EDF Trading buys Chinese green project developer

LONDON | Tue Jul 27, 2010 10:45am EDT

LONDON (Reuters) - EDF Trading, an arm of France's EDF Energy (EDF.PA), has bought Chinese clean energy project developer Energy Systems International Ltd. (ESIL), the company said in an undated statement on its website.

The terms of the deal were not announced.

ESIL develops projects that generate energy from hydro dams, wind farms and methane from coal mines under the Kyoto Protocol's Clean Development Mechanism (CDM), which awards carbon offsets to companies that fund greenhouse gas cuts in emerging economies.

"This is a significant transaction for EDF Trading as it will enable us to expand our presence in the carbon market as well as provide a strong platform for further development in China," said John Rittenhouse, chief executive of EDF Trading.

EDF is one of the top buyers of CDM offsets, called Certified Emissions Reductions (CERs).

The acquisition means EDF will see a steady stream of offsets from ESIL's 56 projects in China, which it can surrender against its emissions targets under the European Union's Emissions Trading Scheme (EU ETS).

UN data shows 32 of ESIL's projects have been registered under the CDM, with 17 having received 1.35 million CERs as of the end of June.

ESIL's project portfolio is expected to get 37.5 million CERs for emissions cuts made to the end of 2012, assuming all the projects get approved by the UN.

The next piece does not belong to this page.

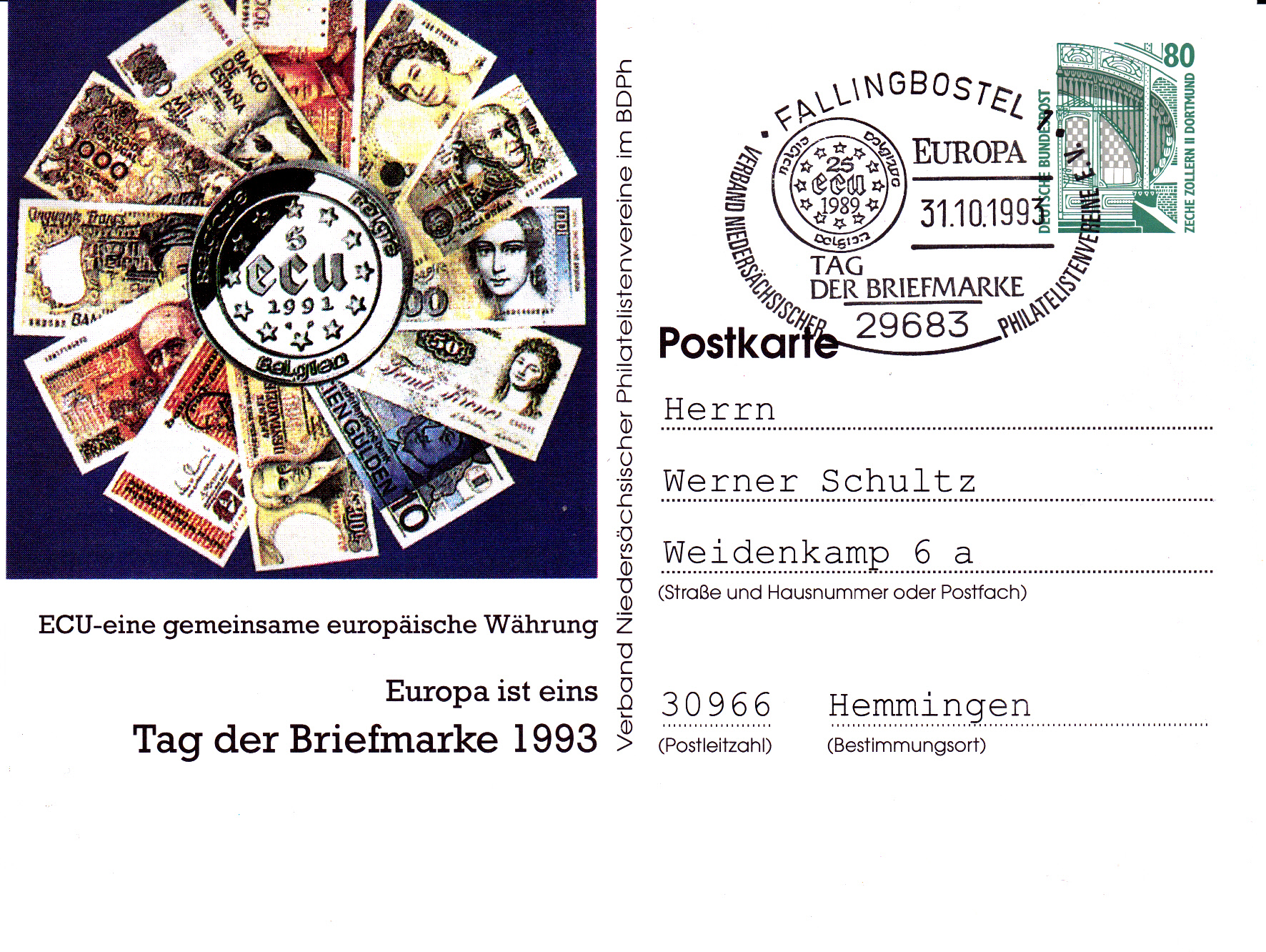 Beim Verband Niedersächsischer Philatelistenvereine wurde als Thema für die Ganzsachenkarte und den Sonderstempel aus 29683 Fallingbostel die Europäische Währung gewählt. Dies war von 1979 bis 1998 die Europäische Währungseinheit (abgekürzt EWE oder ECU vom englischen Namen European currency unit) als Rechnungseinheit der Europäischen Gemeinschaften (EG), später der Europäischen Union (EU) und der Vorläufer des Euro.

CERs for immediate delivery currently trade at 11.60 euros ($14.97) per metric ton, though analysts expect prices to climb to over 18 euros a metric ton by 2012.

EDF Trading said ESIL will remain a separate legal entity, which will form part of its Environmental Products business and will be managed out of the company's Singapore office.

This is the latest in a series of acquisitions seeing banks and other EU ETS participants acquire CDM project developers. Barclays Plc (BARC.L) in June bought Sweden-based developers Tricorona, while JP Morgan (JPM.N) last year bought UK-based EcoSecurities.